Peter Gutmann
Department of Computer Science
University of Auckland
pgut001@cs.auckland.ac.nz
This paper was first published in the Sixth USENIX Security Symposium
Proceedings, San Jose, California, July 22-25, 1996
Abstract
With the use of increasingly sophisticated encryption systems, an attacker
wishing to gain access to sensitive data is forced to look elsewhere for
information. One avenue of attack is the recovery of supposedly erased data
from magnetic media or random-access memory. This paper covers some of the
methods available to recover erased data and presents schemes to make this
recovery significantly more difficult.
1. Introduction
Much research has gone into the design of highly secure encryption systems
intended to protect sensitive information. However work on methods of securing
(or at least safely deleting) the original plaintext form of the encrypted data
against sophisticated new analysis techniques seems difficult to find. In the
1980's some work was done on the recovery of erased data from magnetic media
[1] [2] [3], but to date the
main source of information is government standards covering the destruction of
data. There are two main problems with these official guidelines for
sanitizing media. The first is that they are often somewhat old and may
predate newer techniques for both recording data on the media and for
recovering the recorded data. For example most of the current guidelines on
sanitizing magnetic media predate the early-90's jump in recording densities,
the adoption of sophisticated channel coding techniques such as PRML, the use
of magnetic force microscopy for the analysis of magnetic media, and recent
studies of certain properties of magnetic media recording such as the behaviour
of erase bands. The second problem with official data destruction standards is
that the information in them may be partially inaccurate in an attempt to fool
opposing intelligence agencies (which is probably why a great many guidelines
on sanitizing media are classified).
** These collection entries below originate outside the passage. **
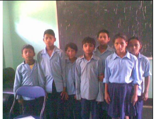
A student from this center went to Syadul and enrolled in grade six (third from the left)

This center is located in a community where dalit population is dominant and the people in this location are living a life of misery due to extreme poverty. Altogether 27 children were enrolled
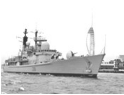
HMS Gloucester, the "fighting G"

HMS Gloucester was one of the first of the Type 42 Destroyers and built by Vosper Thornycroft at Southampton and launched in 1982. Unfortunately due to defence cuts she is now to be de commissioned at the end of June this year.
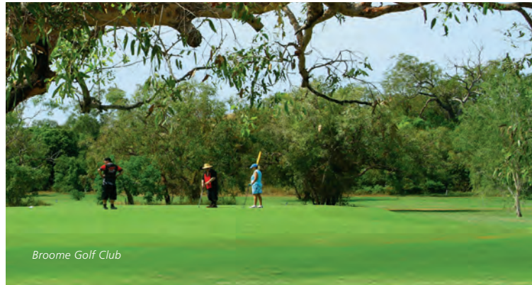
Broome Golf Club

Broome is the birthplace of the Australian pearl industry and its Japanese and Chinese cemeteries provide an insight to the region's history. The Broome Golf Club is the best place to watch the sunrise and sunset over the course located in the far northwest of Western Australia. Couch grass ensures the fairways are ranked as some of Australia's best. Over the past years, 14 new greens have been established and planted out with couch grass with the result being firm greens that play medium to fast. Experienced golfers claim that playing straight on the par 72, 5,926m-long course is the best strategy. www.broomegolfclub.com.au

By deliberately under-stating the
requirements for media sanitization in publicly-available guides, intelligence
agencies can preserve their information-gathering capabilities while at the
same time protecting their own data using classified techniques.
This paper represents an attempt to analyse the problems inherent in trying to
erase data from magnetic disk media and random-access memory without access to
specialised equipment, and suggests methods for ensuring that the recovery of
data from these media can be made as difficult as possible for an attacker.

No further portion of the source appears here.